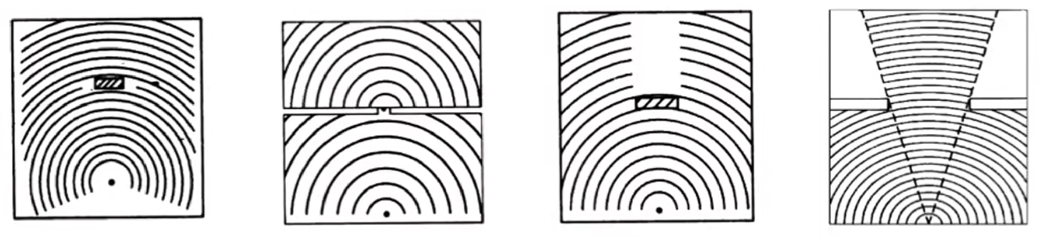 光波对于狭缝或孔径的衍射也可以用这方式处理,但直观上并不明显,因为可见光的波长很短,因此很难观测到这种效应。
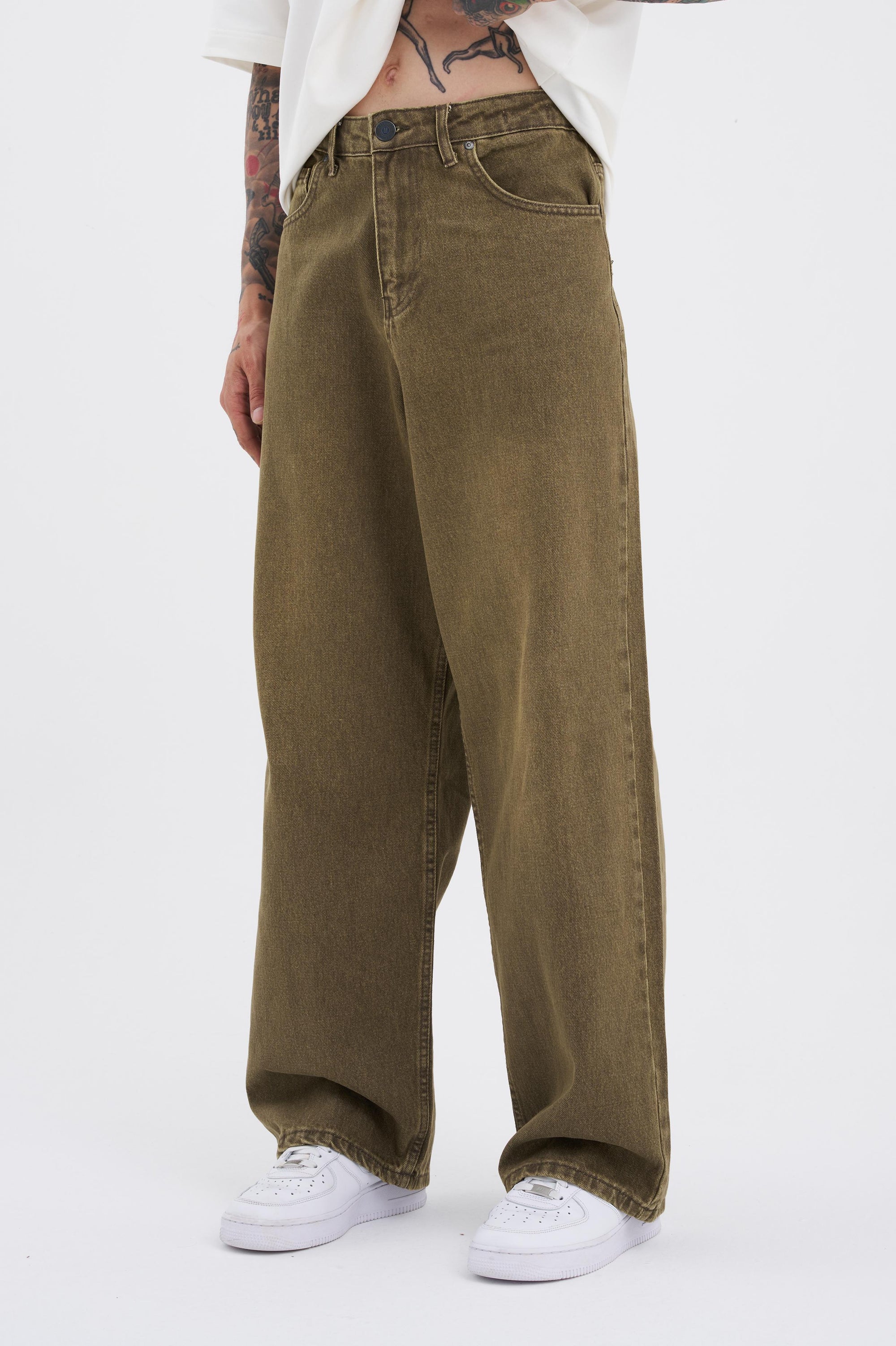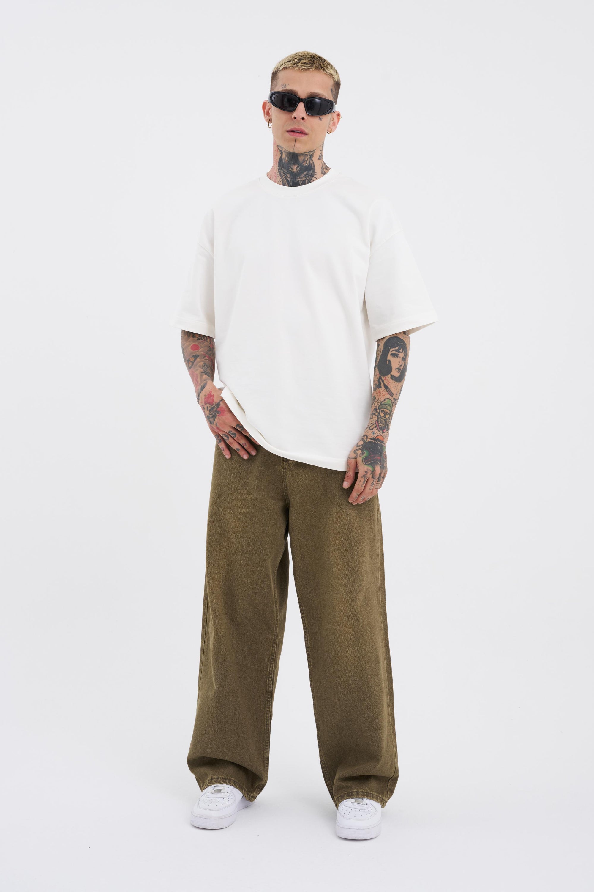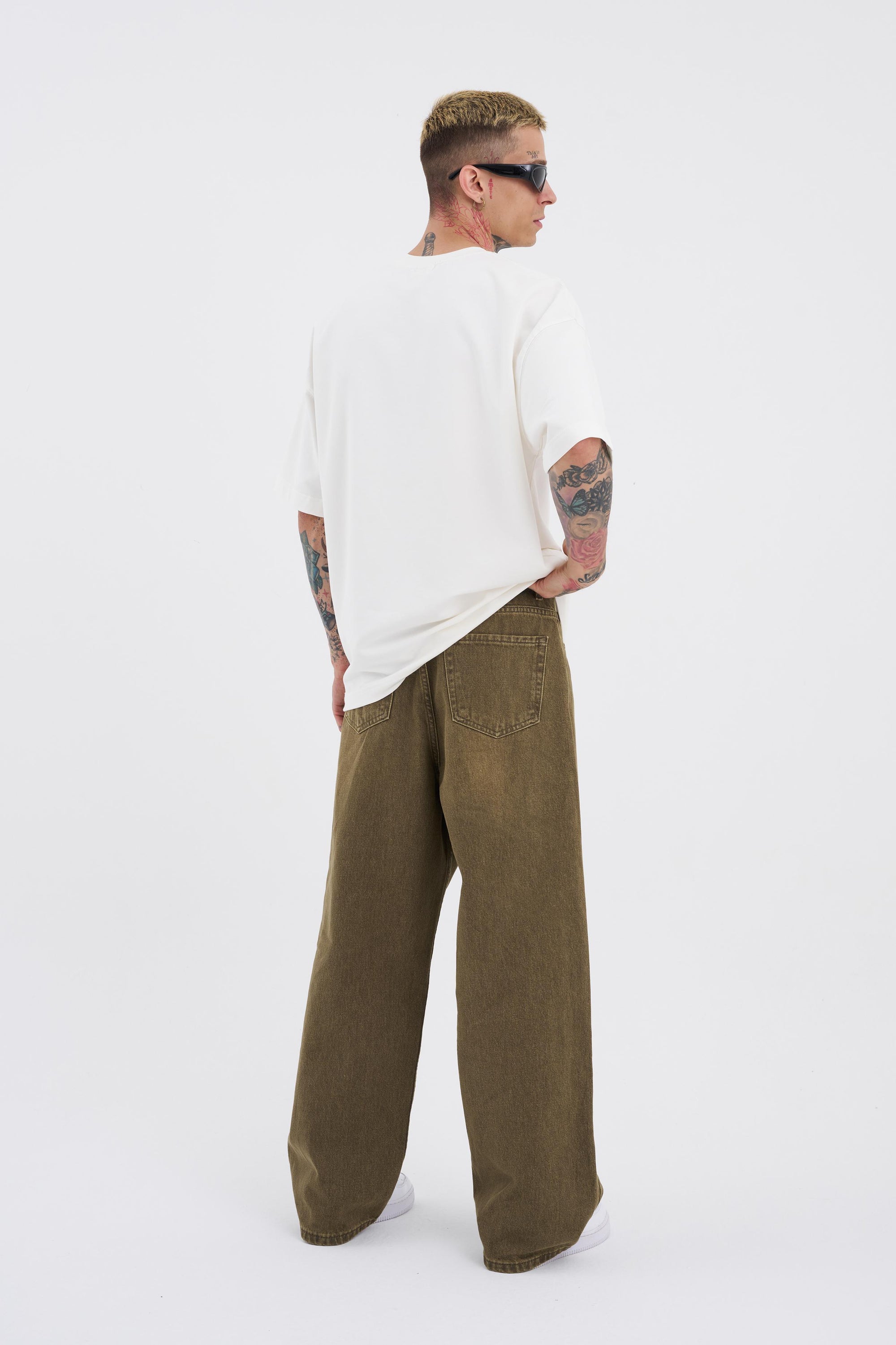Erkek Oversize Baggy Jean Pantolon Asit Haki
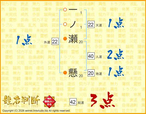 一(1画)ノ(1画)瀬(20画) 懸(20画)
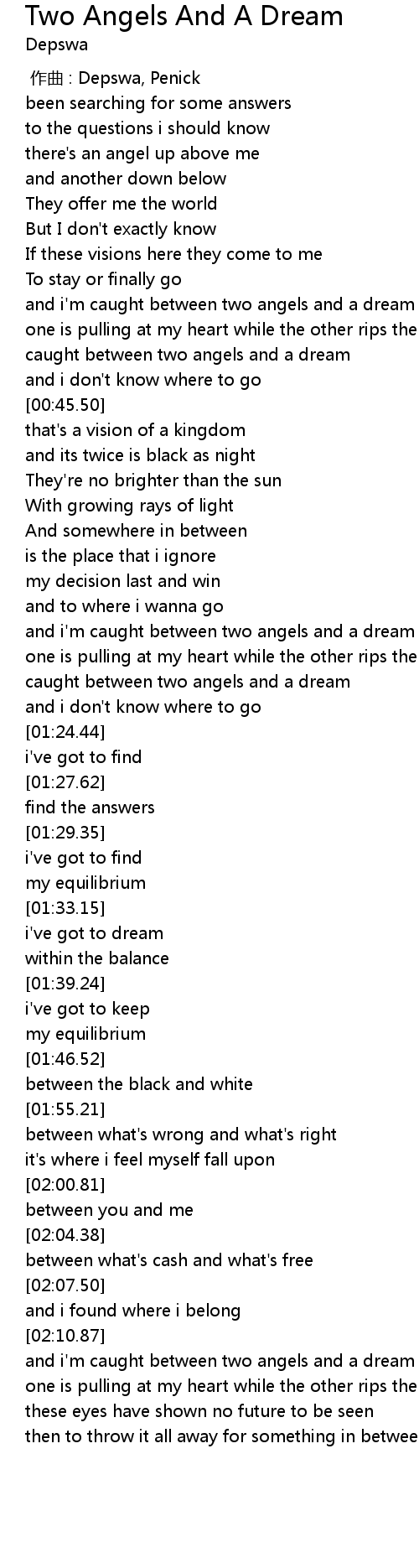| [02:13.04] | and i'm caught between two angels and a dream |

...

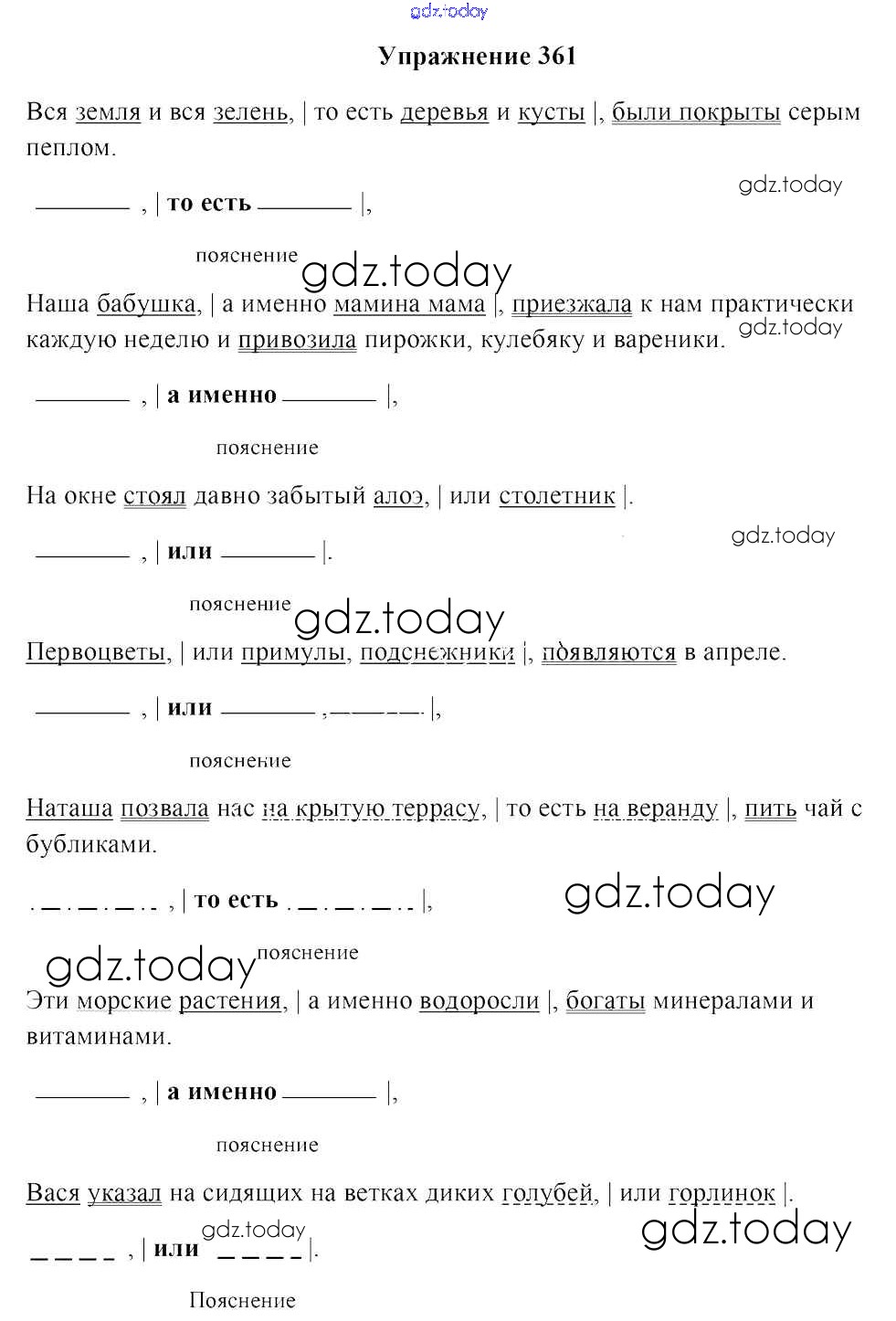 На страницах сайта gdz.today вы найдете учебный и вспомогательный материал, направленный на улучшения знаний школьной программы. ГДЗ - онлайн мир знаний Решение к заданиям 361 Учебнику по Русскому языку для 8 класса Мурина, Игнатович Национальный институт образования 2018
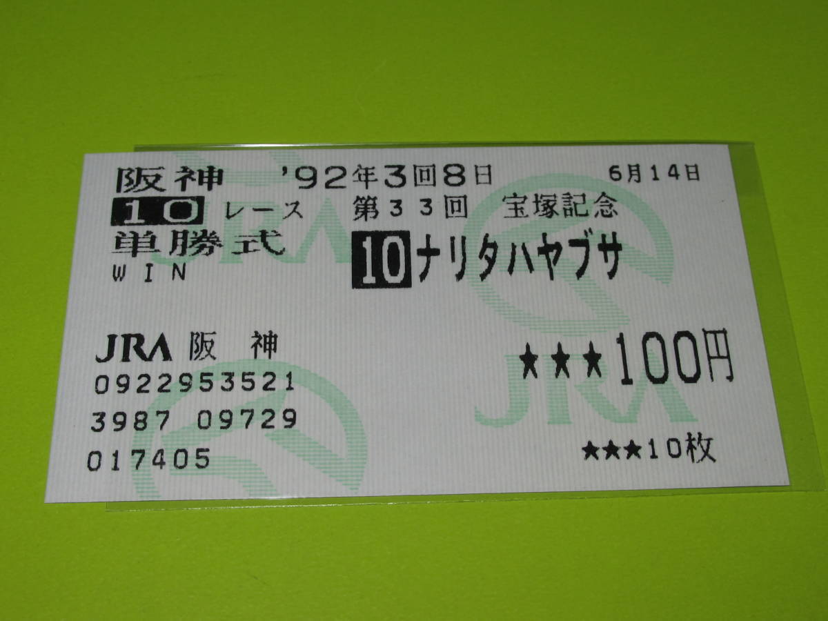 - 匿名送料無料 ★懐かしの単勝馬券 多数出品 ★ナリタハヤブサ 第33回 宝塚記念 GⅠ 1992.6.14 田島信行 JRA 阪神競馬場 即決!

▶ [AIM OF THE EXERCISE] Using the data above, copy exactly the lines from the one containing "光波对于狭缝或孔径的衍射也可" to the one containing "and a dream |", inclusive. Exclude the pictures.

▶ [ANSWER BELOW]
 光波对于狭缝或孔径的衍射也可以用这方式处理,但直观上并不明显,因为可见光的波长很短,因此很难观测到这种效应。
Erkek Oversize Baggy Jean Pantolon Asit Haki
 一(1画)ノ(1画)瀬(20画) 懸(20画)
| [02:13.04] | and i'm caught between two angels and a dream |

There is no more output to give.